Perhaps the most significant development in American philosophy in recent times has been the extraordinary renaissance of Pragmatism, marked most notably by the reformulations of the so-called "Neopragmatists" Richard Rorty and Hilary Putnam. With Pragmatism offering the allure of potentially resolving the impasse between epistemological realists and antirealists, analytic and continental philosophers, as well as thinkers across the disciplines, have been energized and engaged by this movement.

In Beyond Realism and Antirealism: John Dewey and the Neopragmatists, David L. Hildebrand asks two important questions: first, how faithful are the Neopragmatists' reformulations of Classical Pragmatism (particularly Deweyan Pragmatism)? Second, and more significantly, can their Neopragmatisms work?

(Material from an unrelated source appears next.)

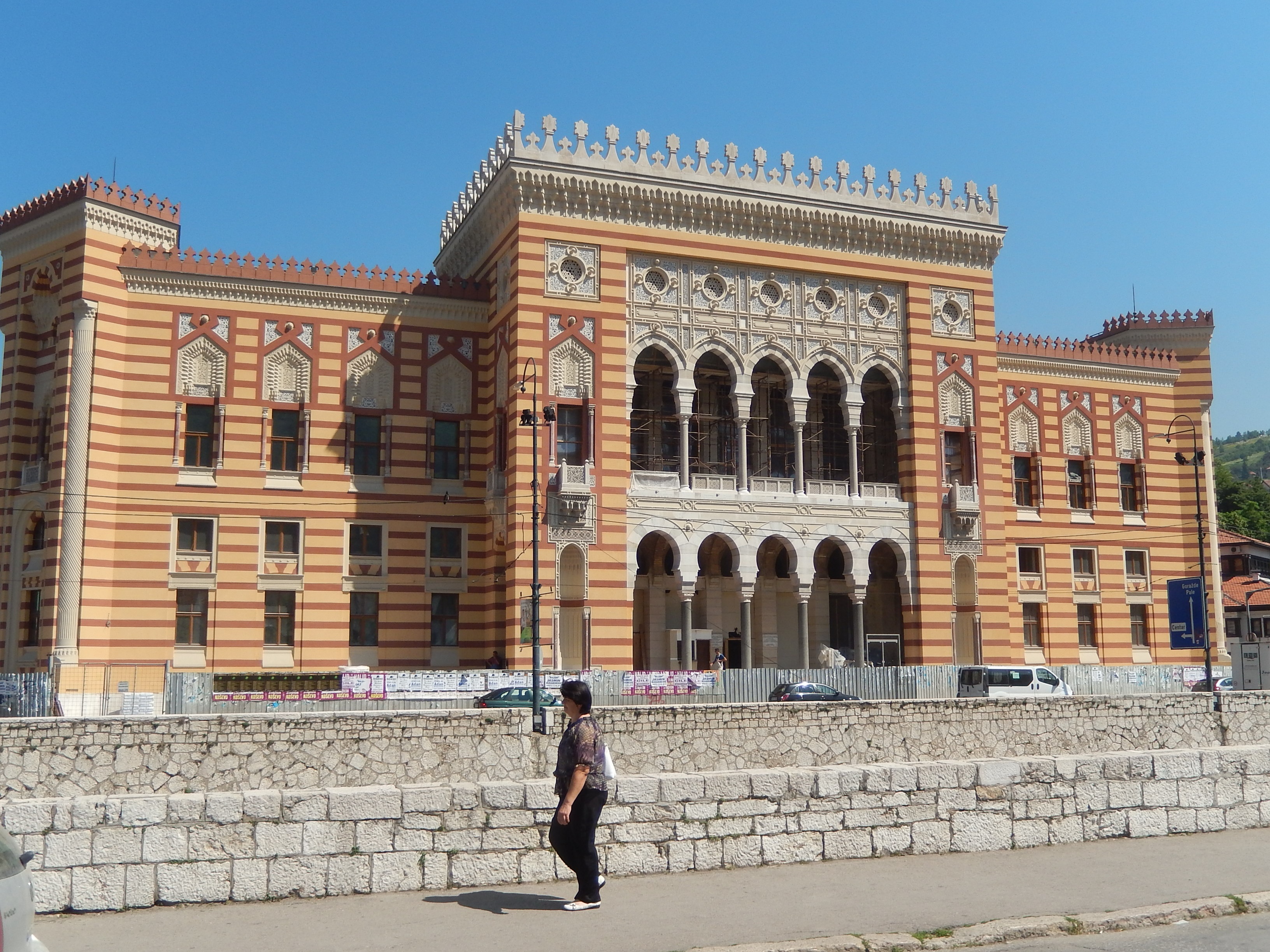 About 80% of the city has been rebuilt, however some buildings pose special challenges. The city hall was built in 1896 by the Austro-Hungarian empire, and in a sign of unity, it combined Baroque with Moorish architecture. It became the city library after WWII, housing important and ancient books; and it was one of the first targets of the Bosnian war, in an attempt to hurt the culture of the city. To rebuild this building in its original style requires artisan skills that are no longer readily available. Elza told us that when the city acquired the site in the 1890’s, one homeowner refused to sell, on the grounds that it had been the family home for generations. Eventually the city fathers agreed to deconstruct the house block by block, and re-assemble it across the road. That house is still owned by the same family and run as a restaurant called the Inat Kuca – the stubborn house or House of Spite.
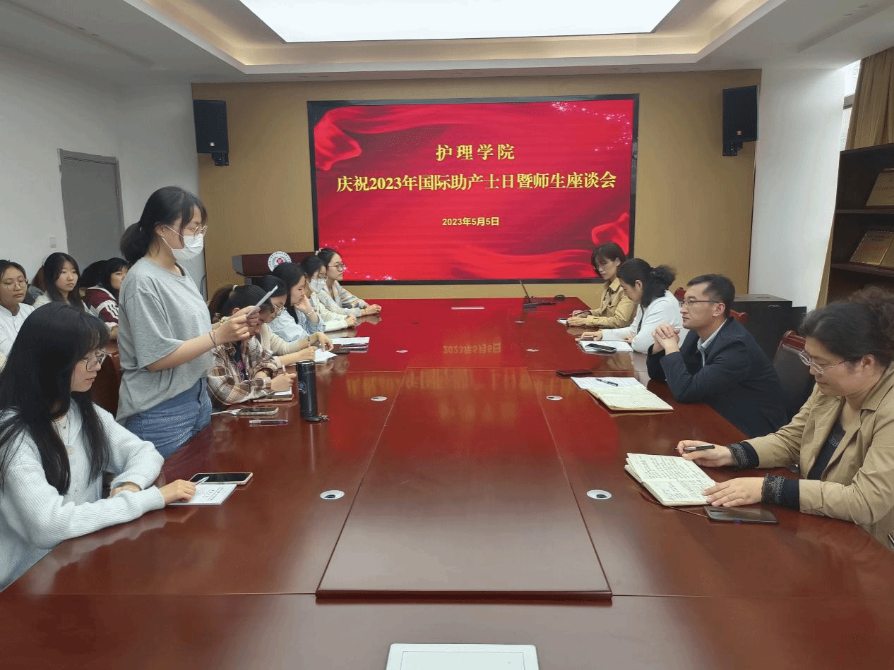 在第32个国际助产士日来临之际,5月5日,护beat365官方网站举办庆祝2023年国际助产士日暨师生座谈会。护beat365官方网站党委书记张延玲出席活动并作总结发言。助产学专任教师刘翠萍博士、学工办主任王有娟及在校的2021级助产学同学代表参加活动。学院教学秘书武江华主持。

In assessing Neopragmatism, Hildebrand advances a number of historical and critical points:
Current debates between realists and antirealists (as well as objectivists and relativists) are similar to early 20th century debates between realists and idealists that Pragmatism addressed extensively.
Despite their debts to Dewey, the Neopragmatists are reenacting realist and idealist stands in their debate over realism, thus giving life to something shown fruitless by earlier Pragmatists.
What is absent from the Neopragmatist's position is precisely what makes Pragmatism enduring: namely, its metaphysical conception of experience and a practical starting point for philosophical inquiry that such experience dictates.
Pragmatism cannot take the "linguistic turn" insofar as that turn mandates a theoretical starting point.
While Pragmatism's view of truth is perspectival, it is nevertheless not a relativism.
Pace Rorty, Pragmatism need not be hostile to metaphysics; indeed, it demonstrates how pragmatic instrumentalism and metaphysics are complementary.

In examining these and other difficulties in Neopragmatism, Hildebrand is able to propose some distinct directions for Pragmatism. Beyond Realism and Antirealism will provoke specialists and non-specialists alike to rethink not only the definition of Pragmatism, but its very purpose.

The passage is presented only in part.